White liberal guilt is one of two possible explanations for Brendan seeing racism where none exists. The other explanation, somehow more comforting to contemplate, is that it's a just a cynical attempt to forestall references to Obama's former drug use, akin to Democrats claiming their patriotism has been questioned whenever a political opponent has the nerve to disagree with their stance on a national security issue.

But why do we have to choose between alternative explanations?

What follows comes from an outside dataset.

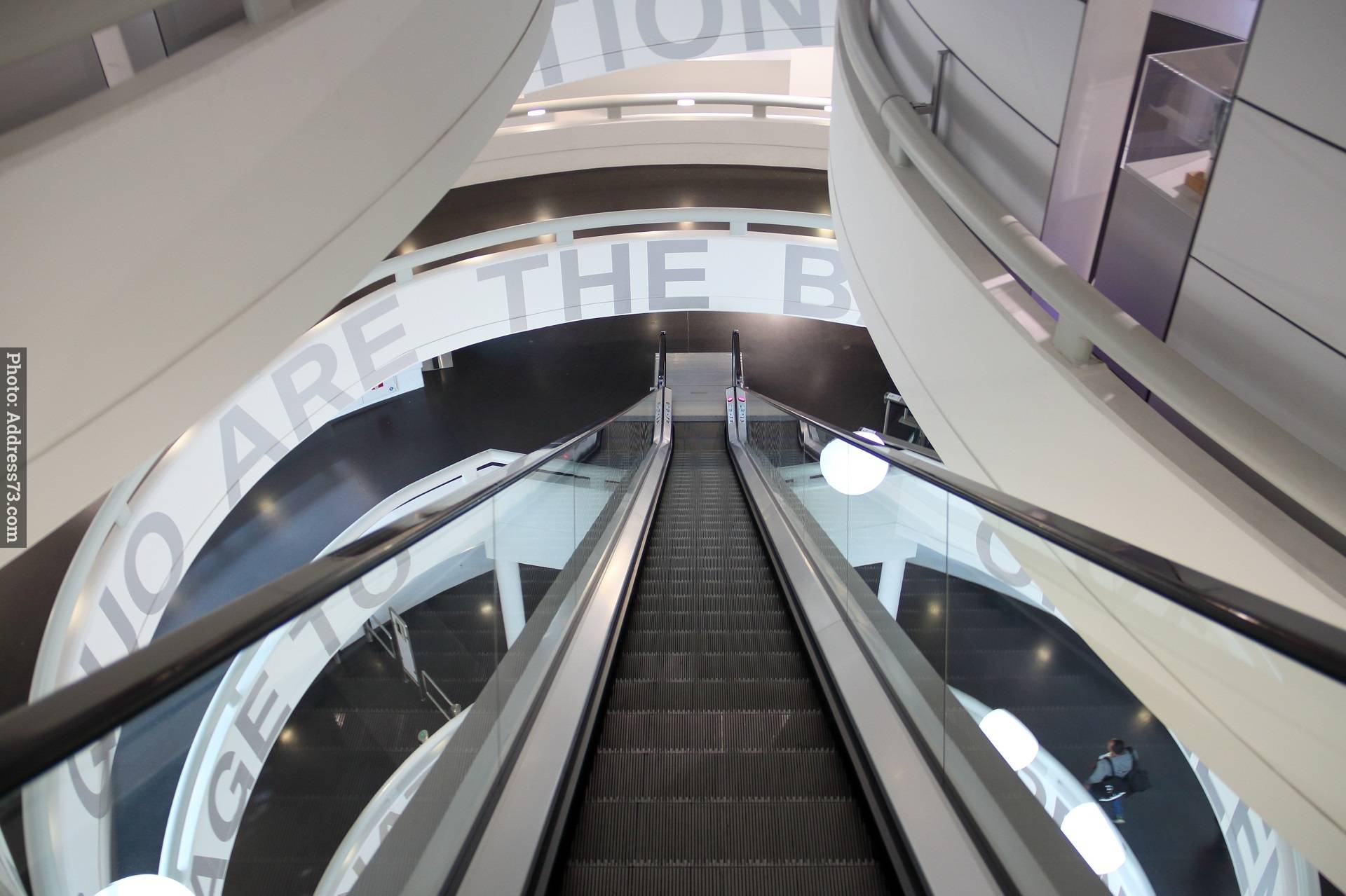 Здесь же находится небольшой кинозал. После осмотра посетители спускаются вниз на эскалаторах.

Perhaps both are correct.

Obama himself, in his "Dreams from My Father: A Story of Race and Inheritance," used his race to explain his teenage drug use, writing that taking drugs was "something that could push questions of who I was out of my mind . . ."

When questioned by reporters, his classmates at his expensive school in Honolulu uniformly found this a ridiculous rationalization. Why did all these preppies in paradise, like Obama and his classmates, take drugs on the beach in Hawaii in the 1970s? Because it was fun!

The real message here is just how race-obsessed and self-absorbed Obama's autobiography reveals himself to be, and how naive are the whites who project their social fantasies about how Obama "transcends race" onto an individual who wrote 442 tortured pages solely about his "story of race and inheritance."

What percentage of Americans believe the statements of candidates who claim never to have used drugs?
Do you prefer an accomplished liar to an honest man?

I'd have to say you're really stretching it. I'm no GOP defender, but come on. A candidate, any candidate, who openly admits to the use of any recreational drug is opening him or herself up to attack. Race is irrelevant. True, there may be some whose prejudices lead them to conclude that "well that's just what 'those people' do", but it seems unlikely that (1) they comprise a significant portion of the electorate, and (2) need any help priming racial stereotypes, and (3) were likely to be voting for Obama in the first place.

Race is irrelevant.

Race is never irrelevant in America. Ever. Especially not with respect to attitudes toward drug use.